== Problem ==
Find the line containing "This Berber carpet" in the entries below. Restate it and each line after it, word for word, up to and including the line containing "Kadın Siyah Yakası Ve Kolları Fırfırlı Bluz ARM-25Y001063 Kadın".

== Exercise inputs ==
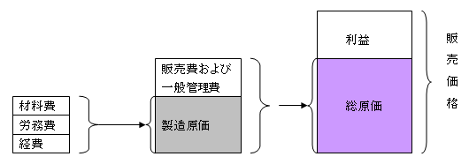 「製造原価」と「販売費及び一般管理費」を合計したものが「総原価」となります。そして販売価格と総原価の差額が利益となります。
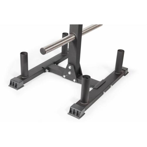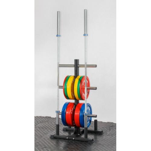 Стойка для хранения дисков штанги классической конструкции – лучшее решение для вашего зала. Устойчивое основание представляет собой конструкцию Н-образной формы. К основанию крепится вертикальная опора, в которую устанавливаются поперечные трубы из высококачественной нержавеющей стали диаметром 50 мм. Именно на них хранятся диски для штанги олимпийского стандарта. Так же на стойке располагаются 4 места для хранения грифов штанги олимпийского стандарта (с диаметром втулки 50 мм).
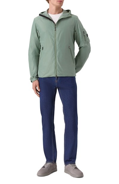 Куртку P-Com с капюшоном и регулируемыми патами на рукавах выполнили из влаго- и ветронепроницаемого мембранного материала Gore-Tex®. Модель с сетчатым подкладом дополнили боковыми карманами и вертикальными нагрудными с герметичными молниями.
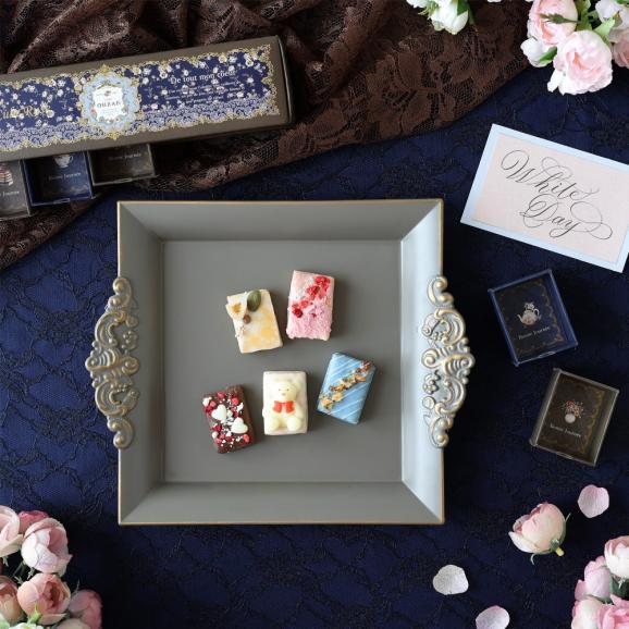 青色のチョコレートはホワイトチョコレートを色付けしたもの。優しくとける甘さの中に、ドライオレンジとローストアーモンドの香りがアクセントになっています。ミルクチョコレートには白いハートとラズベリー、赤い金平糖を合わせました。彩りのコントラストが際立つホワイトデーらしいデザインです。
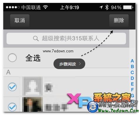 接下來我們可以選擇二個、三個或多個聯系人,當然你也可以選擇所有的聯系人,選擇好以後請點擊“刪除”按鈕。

* * *

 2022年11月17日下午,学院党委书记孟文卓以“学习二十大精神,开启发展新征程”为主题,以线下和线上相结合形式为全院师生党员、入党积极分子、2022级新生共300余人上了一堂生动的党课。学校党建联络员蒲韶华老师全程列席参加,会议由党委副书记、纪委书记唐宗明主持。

* * *

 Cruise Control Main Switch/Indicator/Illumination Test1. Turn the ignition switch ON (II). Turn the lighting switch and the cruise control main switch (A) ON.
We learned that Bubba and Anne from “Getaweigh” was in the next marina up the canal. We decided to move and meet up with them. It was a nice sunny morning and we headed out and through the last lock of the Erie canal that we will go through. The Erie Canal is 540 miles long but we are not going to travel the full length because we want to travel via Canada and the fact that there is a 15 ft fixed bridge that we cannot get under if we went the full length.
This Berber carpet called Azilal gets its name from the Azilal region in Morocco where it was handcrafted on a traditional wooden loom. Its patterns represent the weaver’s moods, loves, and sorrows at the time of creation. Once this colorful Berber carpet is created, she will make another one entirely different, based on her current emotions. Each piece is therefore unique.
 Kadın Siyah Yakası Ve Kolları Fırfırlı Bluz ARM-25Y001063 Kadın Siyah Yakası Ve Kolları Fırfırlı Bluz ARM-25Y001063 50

== Solution to the problem ==
This Berber carpet called Azilal gets its name from the Azilal region in Morocco where it was handcrafted on a traditional wooden loom. Its patterns represent the weaver’s moods, loves, and sorrows at the time of creation. Once this colorful Berber carpet is created, she will make another one entirely different, based on her current emotions. Each piece is therefore unique.
 Kadın Siyah Yakası Ve Kolları Fırfırlı Bluz ARM-25Y001063 Kadın Siyah Yakası Ve Kolları Fırfırlı Bluz ARM-25Y001063 50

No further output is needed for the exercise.